Friday, November 19, 2010

I had a lovely lunch today with Julie Grahame at Danal talking about the future of APAG. We discussed the Phillip and Edith Leonian Foundation that have committed to help sponsor APAG and the various projects we are planning in the coming years. It is a terrific opportunity for us, and I'm thrilled since the timing couldn't be better to help APAG grow and realize the goals the group has had since its inception in 2003. One is a group exhibition and book, (that was spearheaded by Grayson Dantzic) that we will hopefully get off the ground soon!

I went to the Annual Aperture Auction Benefit and Dinner at Chelsea Piers a few weeks ago, which is a great event. There were many people from the photo industry there including; Howard Greenberg and his wife Ellen, Nancy Lieberman, Bruce and Emily Davidson, Bruce Silverstein, Joel Meyerowitz and many others. I sat with photographer Lindsay McCrum and the collector Henry Buhl. Also, at the table were photographers Lynn Saville and Ellen Wallenstein, who both had photos in the auction.

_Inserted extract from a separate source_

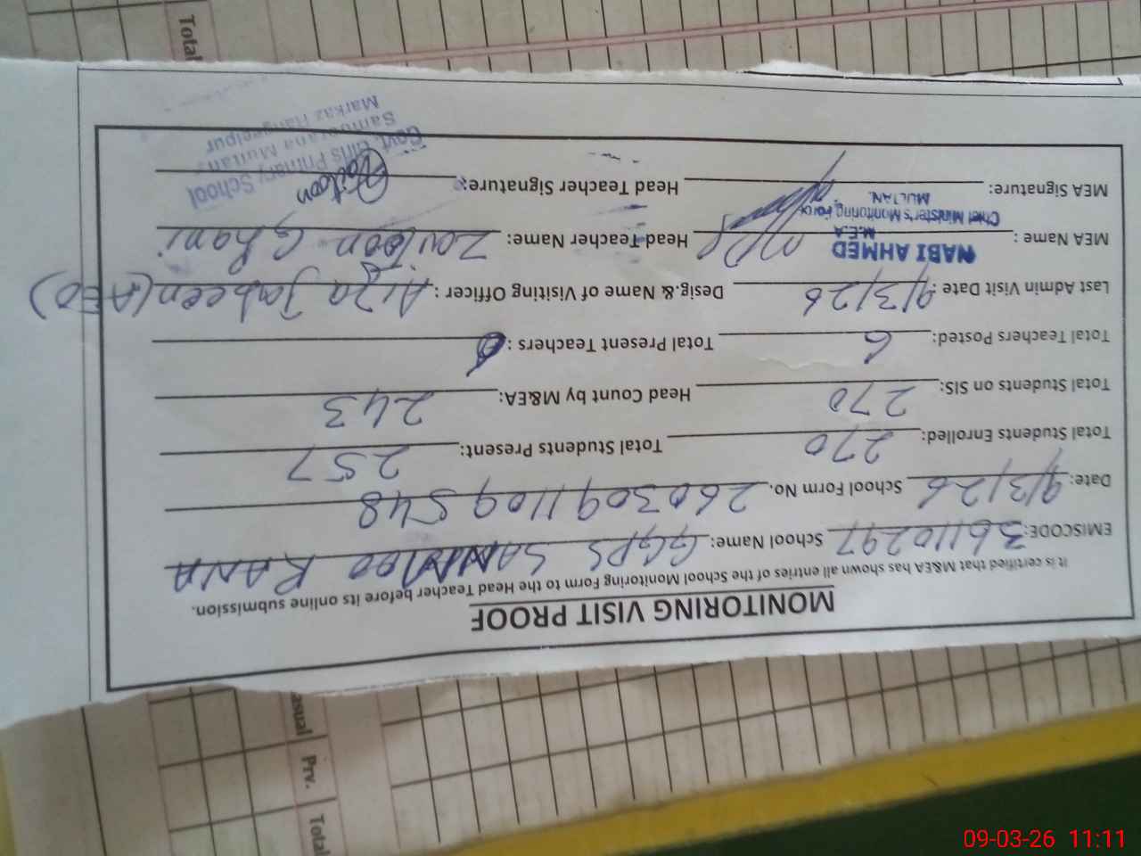 | Certified that this School was Inspected by the Undersigned MEA/DMO Today and the Information Stated Above is as Per Record. | |||||

Later in the week, I attended the Women in Arts Luncheon at the Brooklyn Museum. It featured a conversation with Catherine Morris, the curator of the Elizabeth A. Sackler Center for Feminist Art, and the artist Kara Walker. It was a wonderful exchange, and the luncheon afterwards was full of energy and excitement. I had the pleasure of sitting at Dr. Elizabeth Sackler's table, next to Audrey Flack, and also with Linda Stein. I am donating several photographs to the Sackler Center, which is exciting as I hope they are able to show them at some point in the near future, and because I have now been a Brooklynite for 10 years!

On a different note, I read a very provocative article in this month's Vanity Fair about the artist Larry Rivers, and the controversy with his daughters and some videos he made of them in the 70's. It is a very complicated subject. However, as the daughter of two photographers, I have firsthand knowledge as to what it's like to be photographed my whole life, but never exploited, and have strong feelings about the subject which is too lengthy to write about here.